→ Exercise directions:
An exact, complete copy of the entries is needed, with the pictures left out.

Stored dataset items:

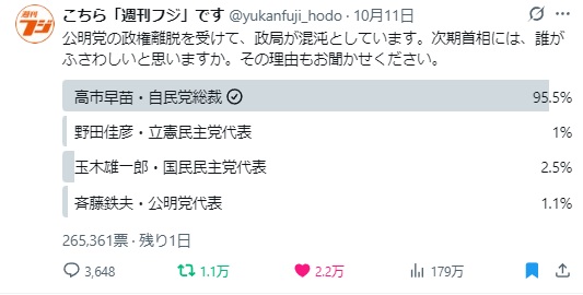 民意とは 2025.10.13 オールドメディアも野党も親中な与党議員も、高市さんが総理になる事が余程都合が悪いのでしょうね。あからさまが過ぎる。これが民意ですよ、265,000票超のアンケート結果です。(オールドメディアのアンケートなんて1,000~3,000票程度です)↓ USAID全滅 前の記事 【外国人の土地購入 法改正も視野】 次の記事
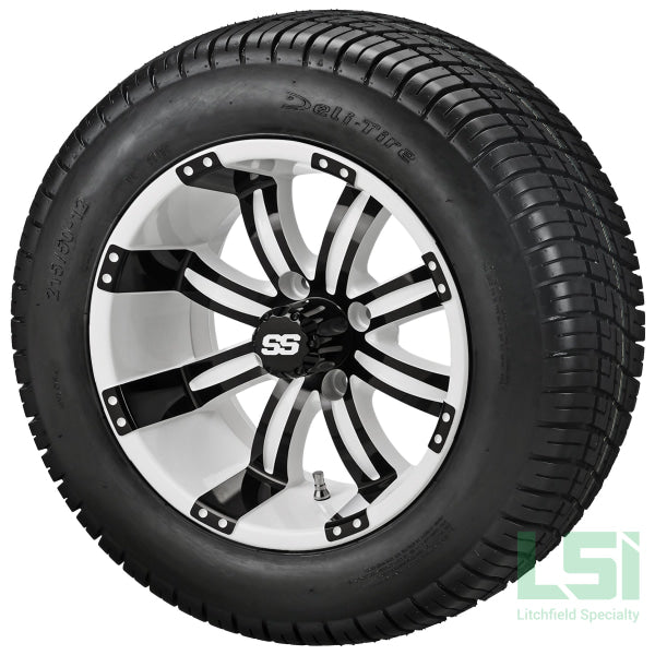 12x7 White & Black Casino Wheel 3+4 Offset 4 on 4 Bolt Pattern SS Center Cap included 215/50-12 4ply Deli Tire May require lift WARNING: Cancer & Reproductive Harm -...
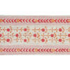 The Schumacher Trim Pica Bella Hand Blocked Tape Pink & Orange 79100 is 3.25 wide and contains LINEN 100% . It is sampled in JACARANDA and the pattern repeat size is
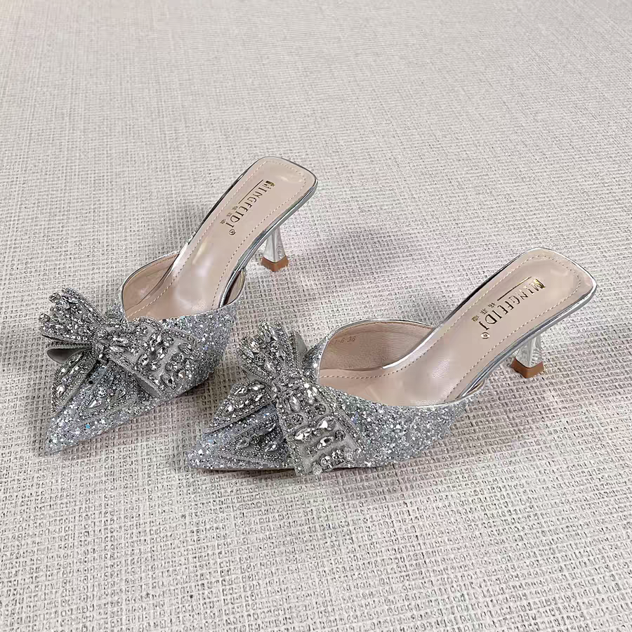 G-Sparkling Silver Crystal Bow Pointed Toe Mule Heels
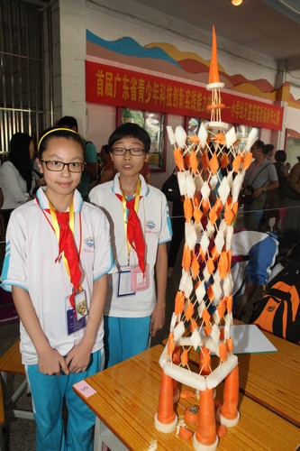 汕头市第一中学高三学生郭家键和吴晓康制作的只有16.6克重的三角支撑纸承重模型,却能把7箱65.71公斤的矿泉水支撑起来,承重量位居35支队伍之首,惊呆全场,观众掌声一片。初中和小学的选手们2人一组,分工协作,小刀手起手落,将土豆、萝卜切成各种形状,然后用牙签搭出近一米高的“小蛮腰”广州塔、艾菲尔铁塔等塔状建筑,千姿百态,栩栩如生!
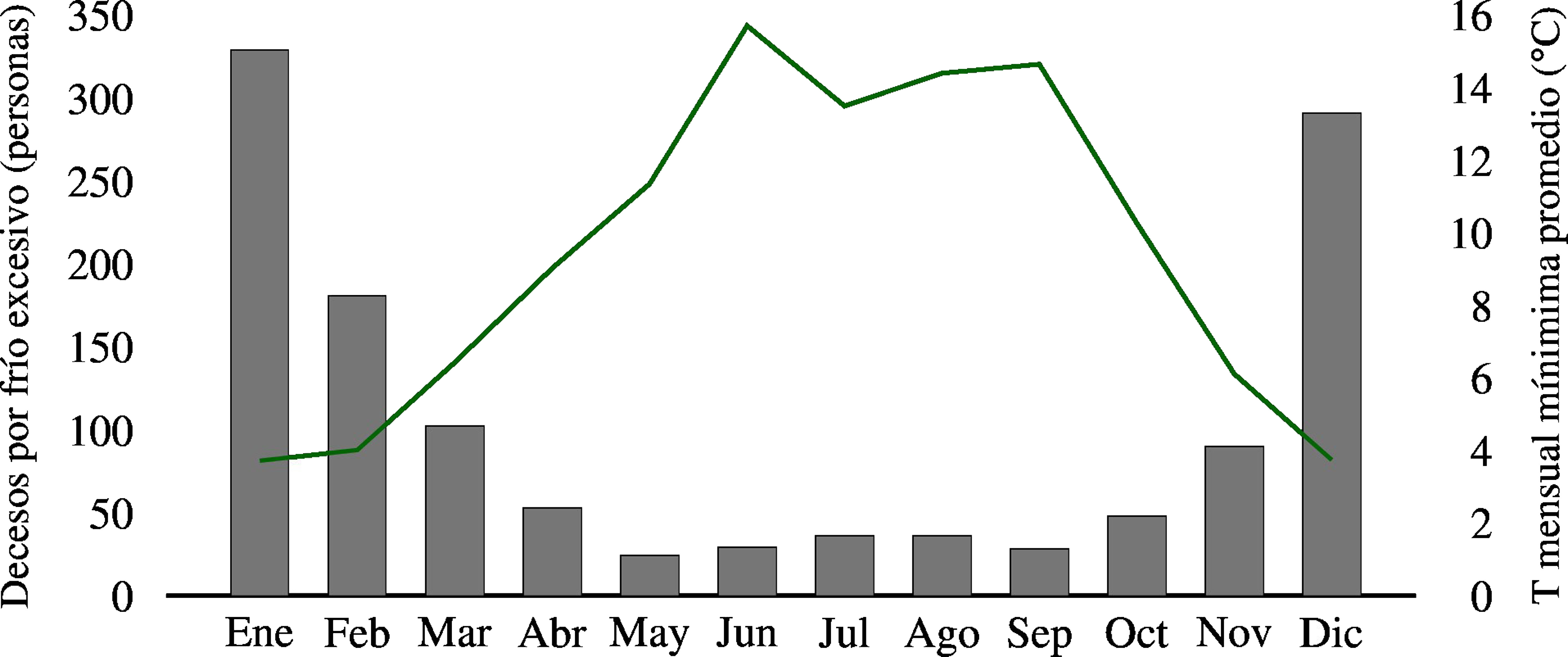 Durante el periodo analizado, se registraron un total de 1,207 muertes por frío natural excesivo; de las cuales, 801 (64.2% del total) ocurrieron en los meses de invierno (diciembre a febrero), bajo temperaturas en mínimas mensuales menores a 5°C (cuadro 1), y 127 (10.4%) en verano (junio a septiembre), bajo temperaturas por arriba de 14°C.
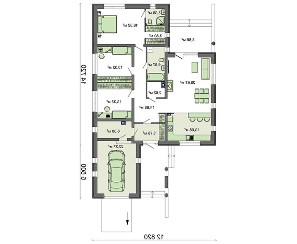 Проект содержит три раздела – Архитектурный, Конструктивный и Инженерный: водоснабжение, отопление, вентиляция, канализация, электроснабжение (приобретается за дополнительную плату) + Пояснительная записка.
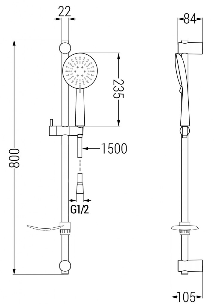 Rozmery držiaka sú: šírka lišty 22 mm, výška 800 mm a hĺbka od steny je 105 mm.

→ Result of this exercise:
 民意とは 2025.10.13 オールドメディアも野党も親中な与党議員も、高市さんが総理になる事が余程都合が悪いのでしょうね。あからさまが過ぎる。これが民意ですよ、265,000票超のアンケート結果です。(オールドメディアのアンケートなんて1,000~3,000票程度です)↓ USAID全滅 前の記事 【外国人の土地購入 法改正も視野】 次の記事
 12x7 White & Black Casino Wheel 3+4 Offset 4 on 4 Bolt Pattern SS Center Cap included 215/50-12 4ply Deli Tire May require lift WARNING: Cancer & Reproductive Harm -...
 The Schumacher Trim Pica Bella Hand Blocked Tape Pink & Orange 79100 is 3.25 wide and contains LINEN 100% . It is sampled in JACARANDA and the pattern repeat size is
 G-Sparkling Silver Crystal Bow Pointed Toe Mule Heels
 汕头市第一中学高三学生郭家键和吴晓康制作的只有16.6克重的三角支撑纸承重模型,却能把7箱65.71公斤的矿泉水支撑起来,承重量位居35支队伍之首,惊呆全场,观众掌声一片。初中和小学的选手们2人一组,分工协作,小刀手起手落,将土豆、萝卜切成各种形状,然后用牙签搭出近一米高的“小蛮腰”广州塔、艾菲尔铁塔等塔状建筑,千姿百态,栩栩如生!
 Durante el periodo analizado, se registraron un total de 1,207 muertes por frío natural excesivo; de las cuales, 801 (64.2% del total) ocurrieron en los meses de invierno (diciembre a febrero), bajo temperaturas en mínimas mensuales menores a 5°C (cuadro 1), y 127 (10.4%) en verano (junio a septiembre), bajo temperaturas por arriba de 14°C.
 Проект содержит три раздела – Архитектурный, Конструктивный и Инженерный: водоснабжение, отопление, вентиляция, канализация, электроснабжение (приобретается за дополнительную плату) + Пояснительная записка.
 Rozmery držiaka sú: šírka lišty 22 mm, výška 800 mm a hĺbka od steny je 105 mm.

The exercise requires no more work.